## Records for the exercise:
------------------------------------

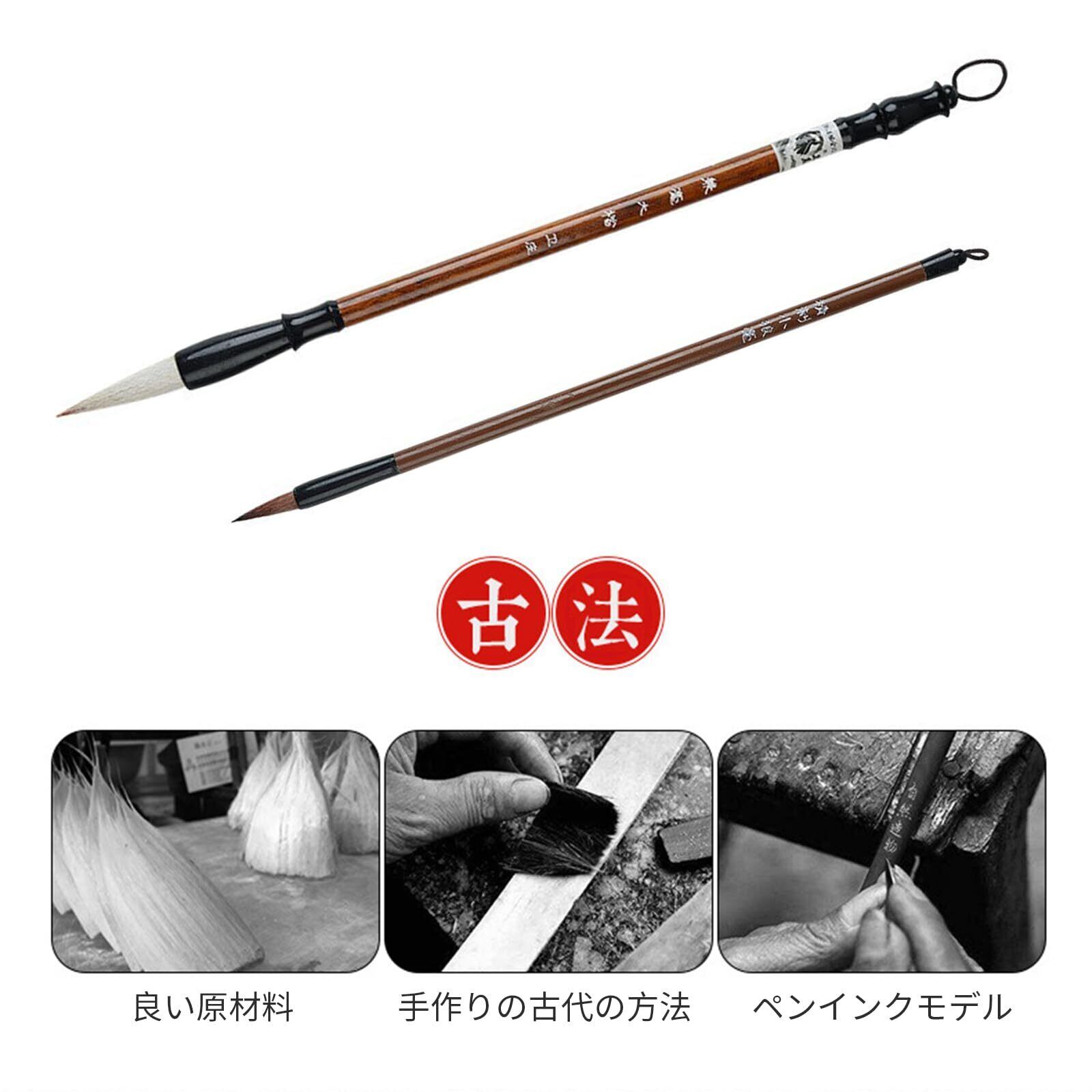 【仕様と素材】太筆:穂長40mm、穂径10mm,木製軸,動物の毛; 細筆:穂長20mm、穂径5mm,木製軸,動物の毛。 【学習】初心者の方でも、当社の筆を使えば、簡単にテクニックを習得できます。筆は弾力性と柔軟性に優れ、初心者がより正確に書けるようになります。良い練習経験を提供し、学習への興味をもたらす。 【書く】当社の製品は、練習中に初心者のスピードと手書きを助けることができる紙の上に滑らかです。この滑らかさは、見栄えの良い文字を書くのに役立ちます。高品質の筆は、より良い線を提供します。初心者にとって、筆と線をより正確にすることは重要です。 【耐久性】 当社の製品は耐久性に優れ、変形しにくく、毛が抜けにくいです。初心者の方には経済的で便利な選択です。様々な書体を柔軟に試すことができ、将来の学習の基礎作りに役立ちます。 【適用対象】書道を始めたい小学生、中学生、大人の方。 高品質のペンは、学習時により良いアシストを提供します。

------------------------------------

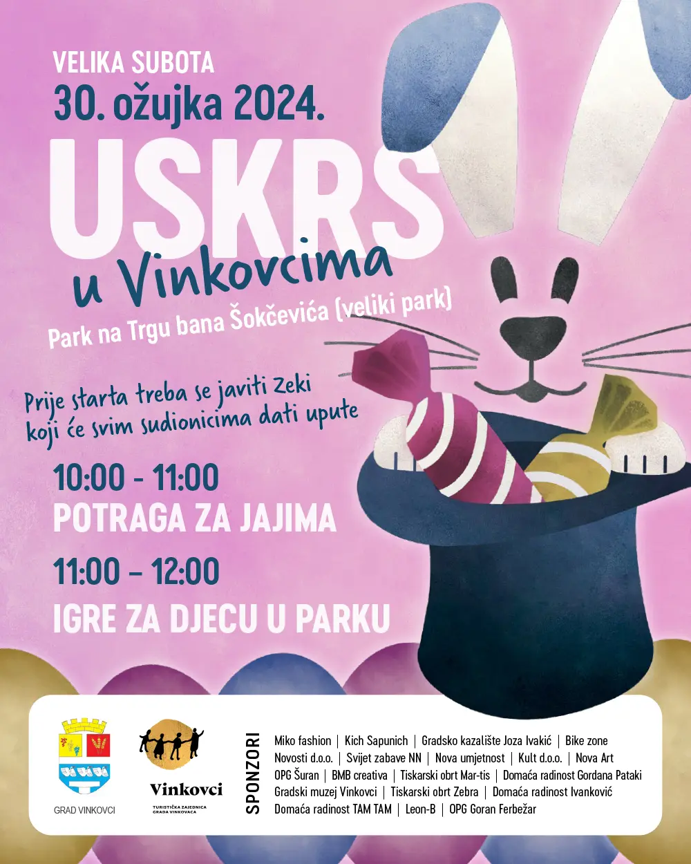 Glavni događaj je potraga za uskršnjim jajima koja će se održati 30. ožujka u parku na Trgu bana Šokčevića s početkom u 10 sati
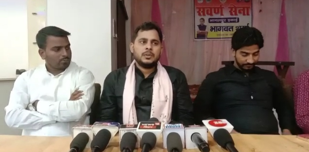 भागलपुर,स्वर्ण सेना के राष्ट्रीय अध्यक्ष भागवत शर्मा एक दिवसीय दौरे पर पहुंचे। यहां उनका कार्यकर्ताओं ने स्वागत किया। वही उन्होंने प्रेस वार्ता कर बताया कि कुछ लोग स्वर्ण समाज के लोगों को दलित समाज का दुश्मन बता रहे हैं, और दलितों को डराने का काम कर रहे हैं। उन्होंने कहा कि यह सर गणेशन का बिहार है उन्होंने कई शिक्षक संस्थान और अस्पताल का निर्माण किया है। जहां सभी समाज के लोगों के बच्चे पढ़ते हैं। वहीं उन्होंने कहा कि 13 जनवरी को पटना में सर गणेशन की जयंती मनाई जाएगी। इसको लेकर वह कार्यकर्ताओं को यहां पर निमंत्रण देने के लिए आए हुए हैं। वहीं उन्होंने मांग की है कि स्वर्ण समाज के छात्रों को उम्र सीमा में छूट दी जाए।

------------------------------------

## Assignment:
In the listing above, find the line with "Glavni događaj je" and the line with "भागलपुर,स्वर्ण सेना के". Set down exactly those lines and everything between them, skipping pictures.

## Result of the task:
 Glavni događaj je potraga za uskršnjim jajima koja će se održati 30. ožujka u parku na Trgu bana Šokčevića s početkom u 10 sati
 भागलपुर,स्वर्ण सेना के राष्ट्रीय अध्यक्ष भागवत शर्मा एक दिवसीय दौरे पर पहुंचे। यहां उनका कार्यकर्ताओं ने स्वागत किया। वही उन्होंने प्रेस वार्ता कर बताया कि कुछ लोग स्वर्ण समाज के लोगों को दलित समाज का दुश्मन बता रहे हैं, और दलितों को डराने का काम कर रहे हैं। उन्होंने कहा कि यह सर गणेशन का बिहार है उन्होंने कई शिक्षक संस्थान और अस्पताल का निर्माण किया है। जहां सभी समाज के लोगों के बच्चे पढ़ते हैं। वहीं उन्होंने कहा कि 13 जनवरी को पटना में सर गणेशन की जयंती मनाई जाएगी। इसको लेकर वह कार्यकर्ताओं को यहां पर निमंत्रण देने के लिए आए हुए हैं। वहीं उन्होंने मांग की है कि स्वर्ण समाज के छात्रों को उम्र सीमा में छूट दी जाए।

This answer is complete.